Immigrants are seen as a threat to the way of life in rich countries. The fearful imagery used to describe foreigners resonates with deep-seated defensive instincts that can be traced all the way back to the very origins of culture itself. In the early days of human communal living, societies were tiny and isolated, rendering them extremely vulnerable. To reduce their vulnerability, they developed cultural mechanisms to reduce internal divisions so as better to unify the group against external threats. Cultural insularity thus became a key defensive mechanism (see here).

He'll hate immigrants, but he doesn't know it yet (Source: here)

 

Cultural insularity remained a core pillar in the defensive strategies of human communities until very recently, so the instinct to culturally isolate in response to immigration is still very strong. Voters continue to believe they need protection from foreign cultures. They still believe building barriers around their own culture is the best way to protect themselves, which is why they demand immigrants leave their cultural baggage at the border and even require them to adopt the local culture instead. Vast majorities of voters in rich countries believe such demands are entirely reasonable, because they are after all the majority and have been around for longer than the immigrants.

 

Culturalism

The view that immigrants must adopt local cultural values is not only extremely widespread, it is also deeply problematic. In fact, it lies at the heart of the immigration problem in Western countries today.


To coin a phrase, Westerners are Culturalists.

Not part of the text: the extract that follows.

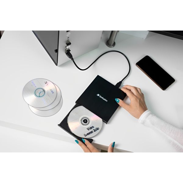 Transforme su experiencia de almacenamiento y copia de seguridad con la grabadora externa Verbatim Slimline. En un mundo donde las laptops modernas priorizan la delgadez al eliminar unidades ópticas integradas, este dispositivo compacto se presenta como la solución ideal para quienes aún confían en CDs y DVDs como medios de almacenamiento esenciales. Diseñada específicamente para laptops, ultrabooks y netbooks, esta grabadora externa permite la instalación de software y la realización de copias de seguridad, todo sin la necesidad de un adaptador de alimentación gracias a su conexión directa vía USB. De un tamaño apenas mayor que un DVD estándar, este grabador y lector a su vez, es increíblemente portátil y cabe fácilmente en su bolsillo, haciendo que nunca resulte un inconveniente llevarla consigo. Además, la inclusión del software Nero Burn and Archive ofrece funciones avanzadas como DiscSpan, MediaHome y SecureDisc, proporcionando herramientas esenciales para organizar, grabar y proteger sus archivos más importantes.

Culturalists are people who believe it is ok to assign priority to their own culture over other cultures. Most Westerners practice Culturalism without even being aware of doing so. Culturalism is at least as widespread and taken for granted in Western economies today as racism was in, say, the United States prior the Civil Rights movement.

 

When large numbers of voters are culturalists, then immigration policies soon become culturalist too, meaning that official government policies are designed specifically to enforce prioritisation of local culture over other cultures. Governments may even place specific limitations on foreigners to ensure they do not practice their own culture, such as prescribing certain types of dress, including headscarves.  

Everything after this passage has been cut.